Quote Of The Year

Quote Of The Year - Paul Shetler - "Its not Your Health Record it's a Government Record Of Your Health Information"

Sunday, March 18, 2018

AusHealthIT Poll Number 414 – Results – 18th March, 2018.

Here are the results of the poll.

Overall, What Do You Think Of The ADHA's Draft Framework For Action (2018-2022) - The Implementation Plan For Their Strategy?


Great 2% (3)

OK 5% (8)

Neutral 19% (29)

Not Much Good 44% (68)

Poor Or Worse 30% (47)

I Have No Idea 1% (1)

Total votes: 156

This is an interesting poll finding the ADHA’s Implementation plan is seen by a clear majority as being not much good or worse (74%). Essentially it really isn’t a plan but a marketing glossy in my view! Only 7% thought the plan was OK or better!

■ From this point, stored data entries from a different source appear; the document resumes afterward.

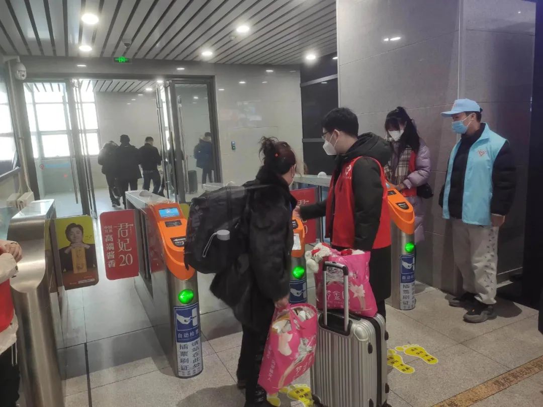团区委通过线上招募的方式招募返乡大学生、社会志愿者,共有十余名志愿者报名参与此次活动。青年志愿者经过培训后,为来往旅客提供交通指引、行李搬运、弱势群体帮扶、问询解答等便民志愿服务,帮助他们在春运期间顺利返乡、安全出行、温暖过节。“红马甲”们活跃在春运的各个枢纽,温暖旅客回家路。
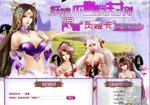 当你点开“灵姬卡”领取页面妖媚不删档封测,限量“灵姬卡”等你来拿时,玩家将进入趣味测试环节。在测试问题中,选择你认为正确的答案,点击提交按钮,答案和“灵姬卡”激活码将呈现在你面前。
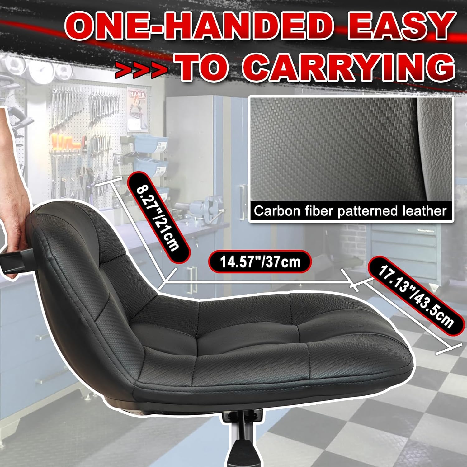 - Heavy Duty Garage Mechanic Stool: The Rolling Mechanic Stool is constructed with a robust angle steel frame, ensuring durability and reliability. Ideal for use in garages, workshops, and other demanding work environments
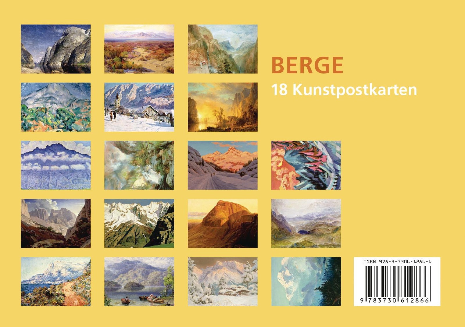 In diesem Postkarten-Set finden sich wunderschöne Bergpanoramen und Bergansichten bekannter Maler. 18 Motive von idyllischen Tälern, gewaltigen Felsmassiven und fantasievollen Wolkenkulissen laden zum Träumen ein. Die Motive lassen sich leicht heraustrennen.
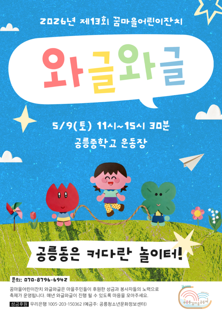 2026년 제13회 꿈마을 어린이잔치 와글와글 5/9(토) 11시 ~ 15시 30분 공릉중학교 운동장 공릉동은 커다란 놀이터! 문의 070-8796-6942 꿈마을어린이잔치 와글와글은 마을주민들이 후원한 성금과 봉사자들의 노력으로축제가 운영됩니다. 매년 와글와글이 진행될 수 있도록 마음을 모아주세요. 성금후원 우리은행 1005-203-150362(예금주: 공릉청소년문화정보센터)
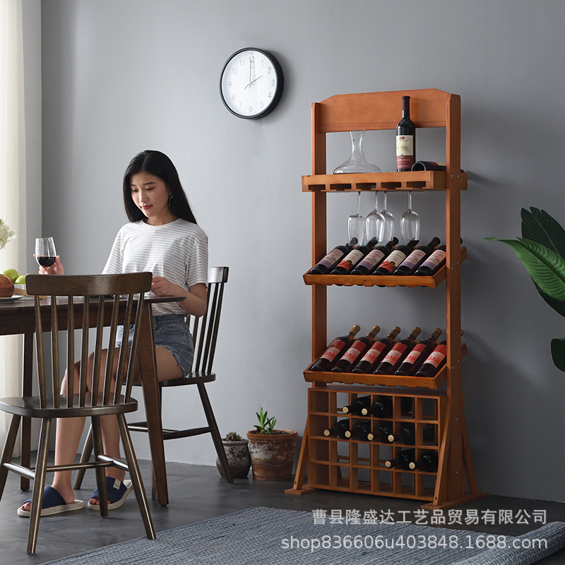 Rak anggur kayu Solid, rak anggur sederhana, ruang tamu, bar, rak tampilan lantai, rak anggur kayu anggur rumah tangga

Any insights welcome as a comment, as usual.

A really, really great turnout of votes!

It must have been an easy question with just 1 not sure what the appropriate answer was.

Again, many, many thanks to all those that voted!

David.

17 comments:

Anonymous said...

Just a list of stuff, there is little evidence any depth of understanding of how a complicated system of systems can be orchestrated at a national level. I see some clinical leadership in ADHA, but no complementary technical leadership. But then I guess we have witnessed the ADHA dislike of technical folk, be it the software vendors or their own resources.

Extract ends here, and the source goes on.